How is the verification process

The customer calls and is identified by the mobile phone number. If a voice standard has already been created for it, then the system will begin:

verification procedure, if not, see the story about the registration of a new standard. The operator asks a few simple questions to the client (asks to introduce himself and indicate the date of birth).
Within a few seconds of a conversation, when a sufficient amount of client’s clear speech has been accumulated (7–9 sec.), The system compares his voice with the standard and shows the result to the operator (“his”, “alien”, “not sure”).
The operator either finishes the survey, or continues, because the system is “not sure” that this is his own, or gently refuses the client, because he is “alien.”

If necessary, the operator can manually restart the client's biometric verification procedure, for example, if a third participant intervened in the conversation during the verification process.

After the verification procedure is completed, the system no longer “listens” to the conversation, and its resources are not used.

Features of implementation

To determine the solution in the system, three thresholds are configured (“first”, “second” and “enrichment”). If the result of the comparison is higher than the first threshold, then the system considers that the client is “its own”, if it is lower than the second, the client is “alien”, if between - this means that the system cannot be sure of its decision.

If, when comparing, the result is higher than the first threshold and higher than the “enrichment” threshold, the system automatically updates the voice standard. This allows you to keep standards up to date.

Fighting scammers

It would be a great omission not to say that, among other things, voice biometrics helps to fight fraudsters. This is the so-called anti-fraud system. This subsystem has not been implemented at Priorbank, but I’ll tell you about it anyway.

According to the Aite Group, fraudsters can get from 20 to 50% of all secret questions. Within a few seconds of the conversation, the client is automatically verified and verified that the caller is not a fraudster.
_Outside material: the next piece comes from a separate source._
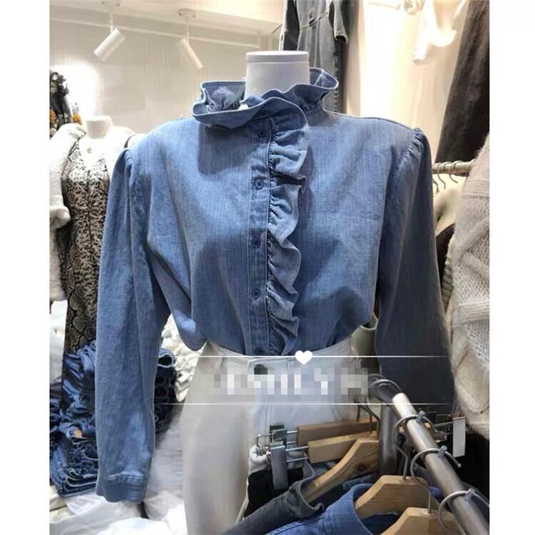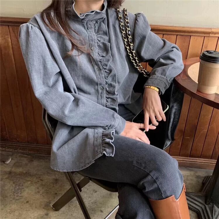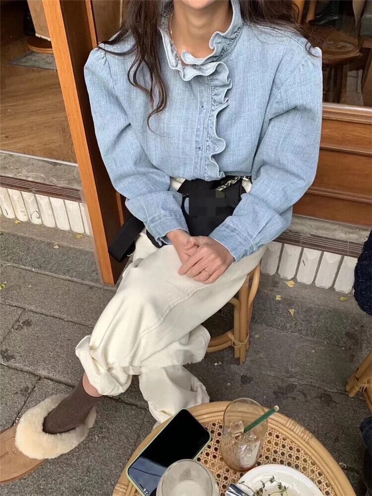 定番デニムシャツもフリルデザインお洒落なコーデに◎

It works like this. In addition to the database of voice standards of ordinary clients, a black list of frodsters is created, where the voice samples of scoundrels are entered. When calling the contact center, the client's voice is compared with one of its standards in the client database (verification) and with all the standards in the frodster database (identification). Naturally, if it is found in the database of frodsters, the scenario of serving such a client changes.

The authentication solution plus antifraud-system together allow for up to 90% of fraud detection with a false response rate of 0.1%.

In biometrics, as I said earlier, there are key percentage probability indicators (thresholds):

false tolerance FAR (False Acceptance Rate, "the level of exactingness of the system"), i.e. the probability that the system will let a "stranger" person;
and a false failure of FRR (False Rejection Rate, error), i.e. the probability that the system will not allow "its" person.

The indicators are very closely interrelated. The FAR value is called specificity, the FRR value is called sensitivity. By increasing / decreasing the sensitivity of the system, we lower / increase its specificity and vice versa.

If we talk about False Reject, then in the classical scheme with questions the failure rate is about 10–15%, with the additional use of real-time authentication, this figure does not exceed 4%. As for False Acceptance, under the standard scheme, fraudsters authenticate in 15–20% of cases, additional authentication in online mode allows reducing this indicator to 1–3%.